In the formation of compounds bromine undergoes $s{p^3}{d^2}$ hybridization in.
A) Ground state X.
B) First excited state.
C) Second excited state.
D) Third excited state.

Answer 1

Hint:Hybridization is the concept in which atomic orbitals combine to make a new hybridized orbital which successively, influences molecular geometry and bonding properties.
We know that the electrons which are present at the outermost shell of an atom are called valence electrons and the valency of an electron is that the number of electrons during which atom accepts or donate to make a bond.

Complete step by step answer:We can write the ground state electronic configuration of Bromine as, \[1{s^{2{\text{ }}}}2{s^2}2{p^6}{\text{ }}3{s^2}3{p^6}4{s^{2{\text{ }}}}3{d^{10}}4{p^5}\].
We must remember that the atomic orbitals that participate in $s{p^3}{d^2}$ are \[4s,4p,4d\].
The excited state electronic configuration of Bromine is \[1{s^{2{\text{ }}}}2{s^2}2{p^6}{\text{ }}3{s^2}3{p^6}4{s^{2{\text{ }}}}3{d^{10}}4{p^3}4{d^2}\]
Although \[5s\] having lower energy than \[4d\] is the first excited state remains empty and electrons jump to the second excited state.

Therefore, the option C is correct.

Example: In the formation of compounds like \[Br{F_5}\] , bromine undergoes $s{p^3}{d^2}$hybridization in its second excited state.

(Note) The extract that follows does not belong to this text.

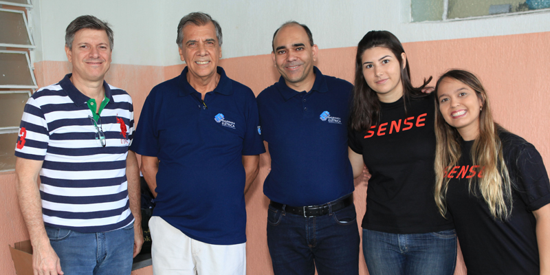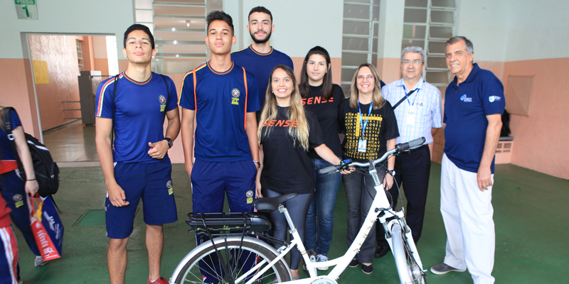 Uma dessas mostras exibiu uma bicicleta elétrica produzida pela Sense Eletrônica, empresa que atua no mercado de automação industrial, oferecendo soluções em sensoriamento e conectividade. O equipamento despertou a curiosidade dos alunos, e alguns tiveram a oportunidade de andar e se divertir pelo corredor entre o auditório e as quadras, que serviu de ciclovia. Angélica, monitora de Engenharia Elétrica da Sense, explicou com mais detalhes o funcionamento do veículo. “Ela possui uma bateria na traseira e um motor na roda dianteira, acionado por um sensor no pedal, que envia um comando e gera energia para manter o funcionamento. Se em algum momento o condutor parar de pedalar, a bicicleta corta a energia do motor, o que acontece também quando se aciona o freio”.

We know that the ground state electronic configuration of bromine is \[4{s^2}{\text{ }}4{p^5}\] and the electronic configuration of bromine in second excited state is \[4{s^1}4{p^3}{\text{ }}4{d^2}\]. This leads to the octahedral arrangement of lone pairs. The molecule features a square pyramid shape.

Note: Now we can discuss about the concept of ${\text{s}}{{\text{p}}^{\text{3}}}{{\text{d}}^{\text{2}}}$ hybridization:
The ${\text{s}}{{\text{p}}^{\text{3}}}{{\text{d}}^{\text{2}}}$ hybridization has 1s, 3p and 2d orbitals they undergo intermixing to form 6 identical ${\text{s}}{{\text{p}}^{\text{3}}}{{\text{d}}^{\text{2}}}$ hybrid orbitals. These six orbitals are located at the corners of an octahedron. They are inclined at an angle of ${\text{9}}{{\text{0}}^{\text{o}}}$ to one another. The central atoms which have ${\text{s}}{{\text{p}}^{\text{3}}}{{\text{d}}^{\text{2}}}$ hybrid orbitals forms the bonds with bond angle of ${\text{9}}{{\text{0}}^{\text{o}}}$.